O diagnóstico pré-natal para as gestações de risco é possível e pode ser realizada por análise enzimática ou por análise de mutação quando a mutação é conhecida. No entanto, por ser uma doença tratável, o teste pré-natal não é considerado pela maioria das famílias.

A deficiência de BTD é transmitida de forma autossómica recessiva. Para pais de crianças afetadas é recomendado aconselhamento genético. Os pais são portadores heterozigóticos assintomáticos obrigatórios. Os irmãos dos doentes com deficiência de BTD devem ser testados para a deficiência, mesmo que não apresentem sintomas.

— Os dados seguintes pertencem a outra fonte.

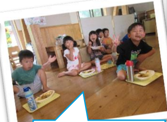
みんなと食べると おいし～いね。

A suplementação com biotina oral na forma livre, não ligada a proteínas, é o tratamento principal e melhora os sintomas nos doentes sintomáticos, e evita os sintomas naqueles identificados por rastreio neonatal ou antes que os sintomas se desenvolvam. Após a instalação de algumas características, tais como atrofia óptica, surdez, ou atraso no desenvolvimento, elas podem não ser reversíveis com o tratamento com biotina. O tratamento com biotina deve ser mantido ao longo da vida. Não são conhecidos efeitos adversos sérios da terapia com biotina. Os doentes e os seus familiares devem ser alertados sobre a importância da adesão ao tratamento. São recomendadas avaliações periódicas oftalmológicas, neurológicas e metabólicas. Os ovos crus devem ser evitados devido ao seu conteúdo em avidina (substância ligante à biotina), mas a cozedura inativa o efeito de ligação da avidina.

O prognóstico para os indivíduos com deficiência de BTD é muito bom, desde que sejam tratados antes que os sintomas ocorram e sejam cumpridores da terapia com biotina.